# To My Darling Husband . . .



## rabbithutch (Nov 1, 2013)

To my darling husband:

Before you return from your business trip I just want to let you know about the small accident I had with the pickup truck when I turned into the driveway.  

Fortunately it's not too bad and I really didn't get hurt, so please don't worry too much about me.

I was coming home from Wal-Mart, and when I turned into the driveway I accidentally pushed down on the accelerator instead of the brake.  

The garage door is slightly bent,
but the pickup fortunately came to a halt when it bumped into your car.

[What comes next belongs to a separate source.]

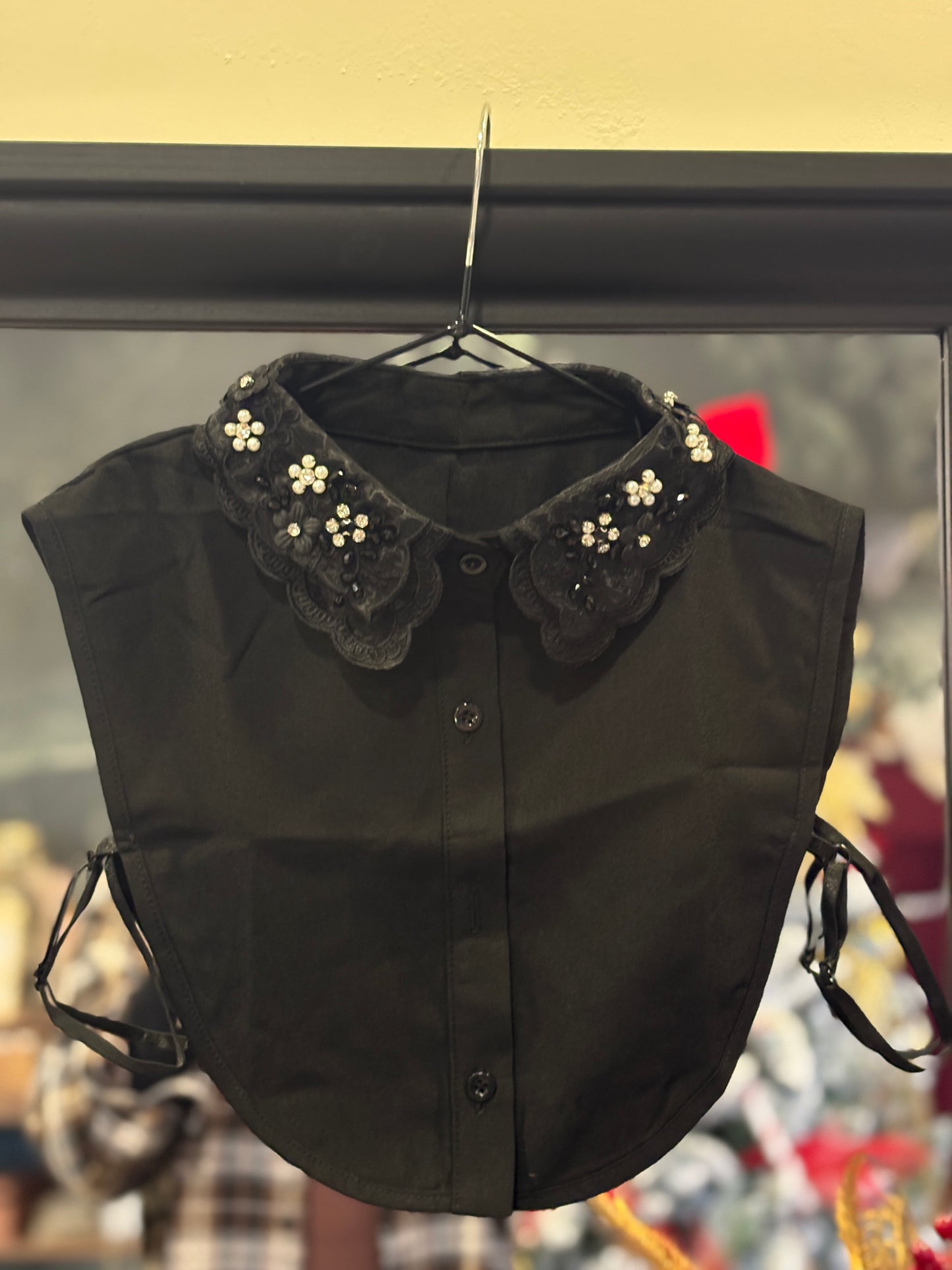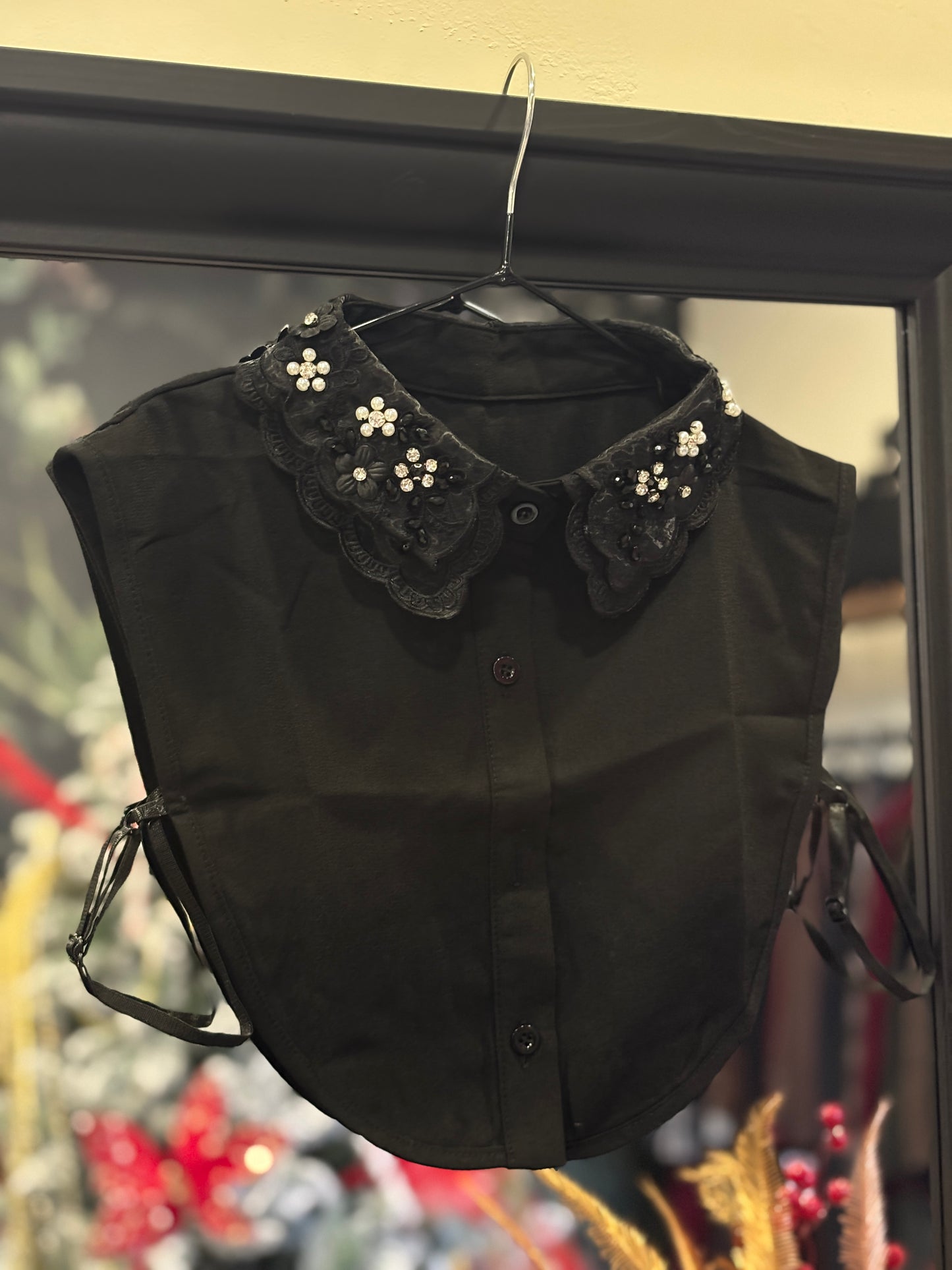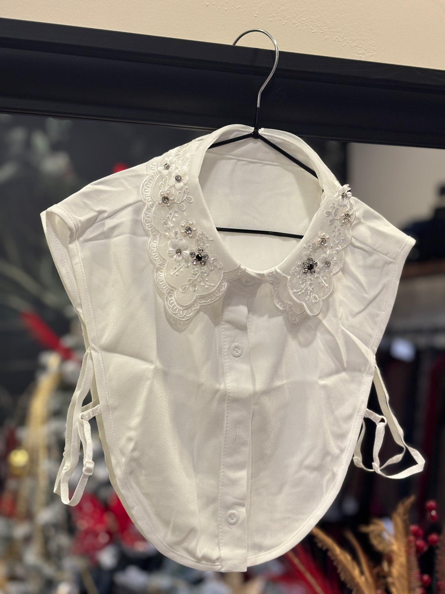 Aggiungi un tocco di eleganza ai tuoi outfit con questo raffinato colletto in tessuto realizzato con una linea pulita e femminile, presenta una lavorazione ricamata arricchita con perline e dettagli luminosi perfetta per valorizzare maglioni, abiti o t-shirt basic. Il design comprende una chiusura frontale a bottoni e fasce laterali regolabili per una vestibilità stabile e confortevole. Ideale per creare un effetto camicia senza aggiungere volume, è l’accessorio perfetto per look chic, formali e cerimonie.

I am really sorry, but I know  with your kind-hearted personality you will forgive me. You know how much  I love you and care for you, my sweetheart.

I am enclosing a picture for you.

I cannot wait to hold you in my arms again.


Your loving wife.
XXX



  P.S.  Your girlfriend called.  













truck vette



__ rabbithutch
__ Nov 1, 2013


----------



## junkcollector (Nov 1, 2013)

WOW, what a woman she knows how to go 4 wheelin fer sure!!! great accomplishment for a accidental push of the *go pedal*!!


----------



## driedstick (Nov 1, 2013)

Good one!!!


----------



## leah elisheva (Nov 1, 2013)

Hilarious!!!!!!!!!!!!!! Thank you for this! And happy Friday!!!! And Happy November! Here is to more laughter in the world!!! Cheers! - Leah


----------



## rabbithutch (Nov 4, 2013)

LeahOceanNotes said:


> . . .   Here is to more laughter in the world!!! Cheers! - Leah



Amen!


----------